So, in reading that fifth verse of Hebrews 11, we cannot help feeling that we are to understand that Enoch's three hundred years of walk with God and his bold witness for God was just about to be ended by his violent death at the hand of the antediluvian sinners, when God intervened and translated him. They were after him, but just before the blow could be struck, "he was not; for God took him." God did not intervene in Abel's case: that man had testimony that he was righteous, and then died a martyr's death. He did intervene in Enoch's; this man profoundly displeased the men of his age, but he pleased God so much that He took him into His presence beyond the reach of his foes. We may sum up his story by saying that he walked with God, he witnessed for God, and he went to God.

Lastly, it strikes us as remarkable that though Enoch was without a doubt the one outstanding figure amongst the men of faith who lived before the flood, he yet lived by far the shortest life. If we had had the arrangement: of affairs, should we not have ordered otherwise? Not infrequently we see saints of godliness and gift removed comparatively early in life. This one who was so very useful and helpful to his fellow-believers is cut down when one might have anticipated for him another twenty years of useful service for the Lord! Conversely, another, who has never been conspicuous for piety or service, but who is rather a drag on his brethren, is left to an over-ripe old age! We are all disposed to consider this kind of thing as extraordinary, and feel like questioning the wisdom of God's ways.

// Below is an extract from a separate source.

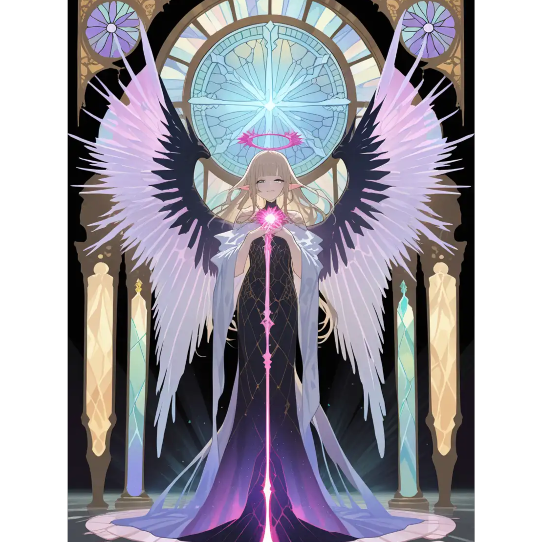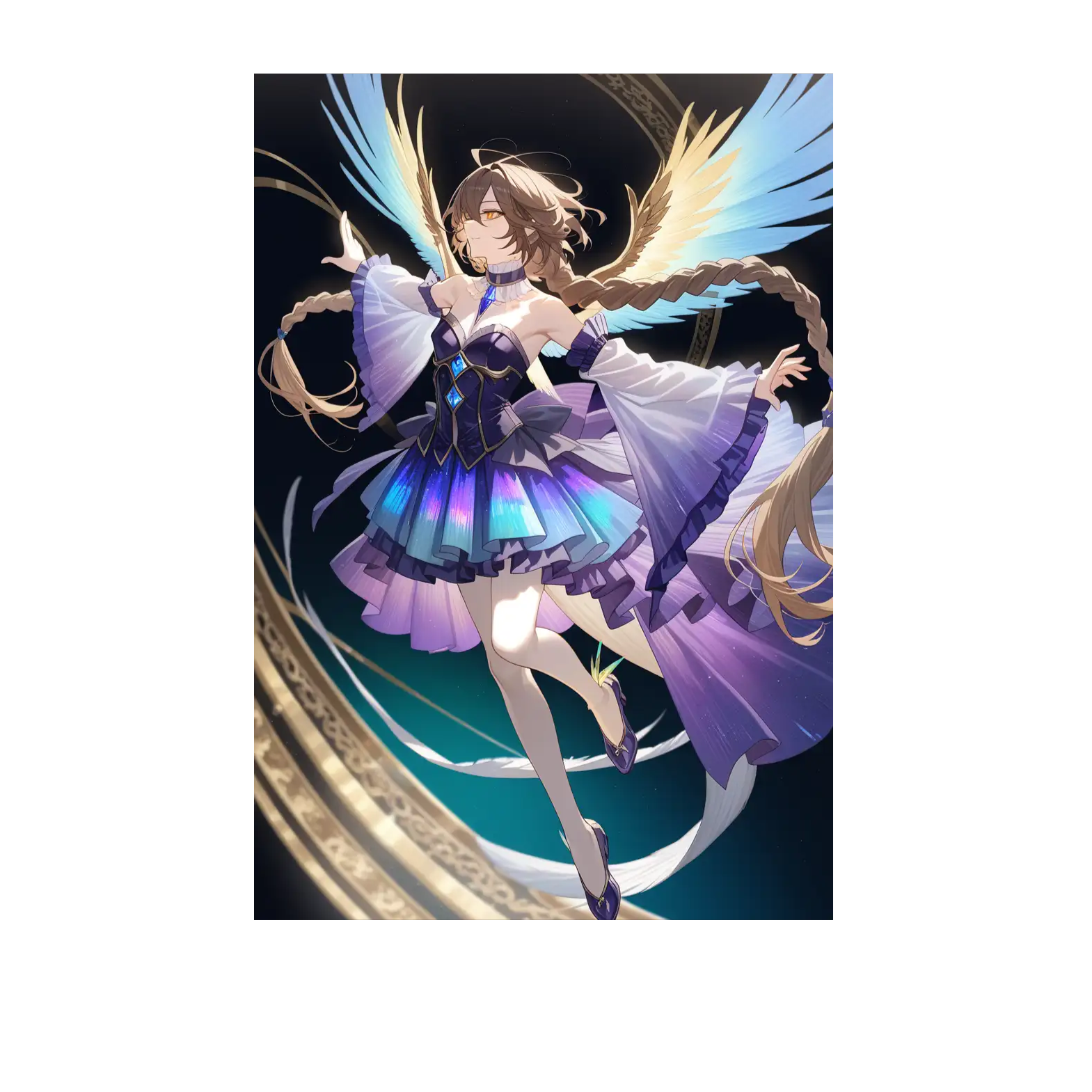 Ethereal dreamy fantasy, operatic vocal style, slow meditative tempo, piano harp pads strings, bilingual duet Japanese female / English male, legato, expressive, floating aura pillars, mystical shimme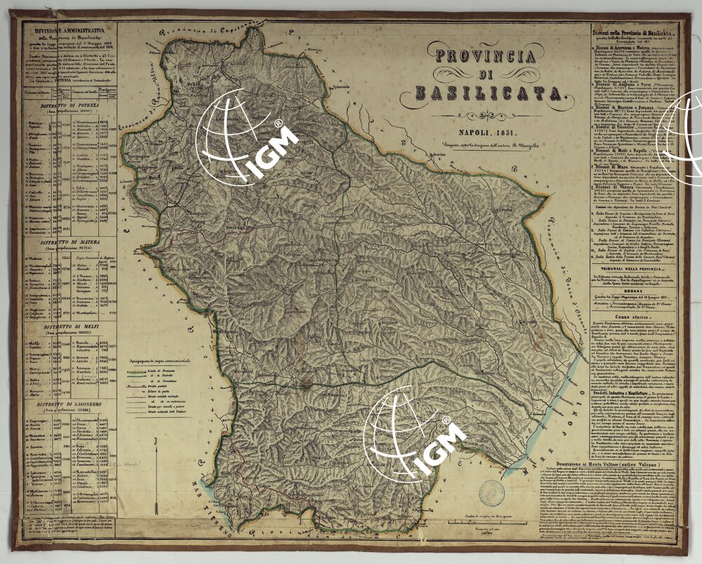 Carta in ventitre fogli montati su tela, stampati a colori in litografia, eseguiti sotto la direzione dell’autore B. Marzolla. Annesso un foglio d’insieme per il Regno delle Due Sicilie alla scala di 1:2.500.000 circa, su cui trovasi scritto: “Atlante geografico di B. Marzolla pubblicandosi ora da L. Manzella, Napoli 1859, nello Stabilimento Geografico”. Le carte distinguono a segni e colori i confini di stato, di provincia, di distretto, di circondario, di comune, le strade regie postali, rotabili, in costruzione, sentieri per cavalli e per pedoni, stazioni di posta, telegrafi. L’orografia è rappresentata col tratteggio a luce obliqua. Ciascun foglio contiene attorno al campo disegnato un quadro statistico-amministrativo, ed ampie notizie storiche e di geografia fisica ed economica: ognuno è distinto da un titolo particolare. Un documento analogo si trova al n. 128 d’inv. gen. appartenente alla Biblioteca (files B0001333-1356).

But it is our wisdom to be silent before Him. The two men of faith, who were outstanding in the antediluvian days, both were removed in comparative youth. One went by death: one went by translation. But they both went. It is more striking in the case of Enoch because, though we know nothing of any word that Abel spoke, we do know that he was a prophet and bore wonderful testimony to man's evil, and to God's rights and ultimate appearance for judgment.

Evidently his witness was finished so his walk terminated in the glorious presence of God.

The church has been called out from a world that is far from God, that it may walk in communion with Him, and bear witness to its absent Lord. It has sadly failed to do this in any corporate or collective sense; yet it is still open to individuals — any number of them — who are included in the church, to do this according to their measure. Let us earnestly seek grace from our God that we may be enabled to do so.

Enoch was translated as one who pleased God in days long before "grace and truth came by Jesus Christ" (John 1:17). Grace having fully arrived, the church is going to be translated on the ground of the grace of God. After our translation we shall have to pass before the judgment seat of Christ, and there learn the measure in which we have pleased Him.

In the light of these two things — God's grace, and our responsibility — let us be keenly desirous of having before the judgment seat the verdict, that we have pleased our Lord.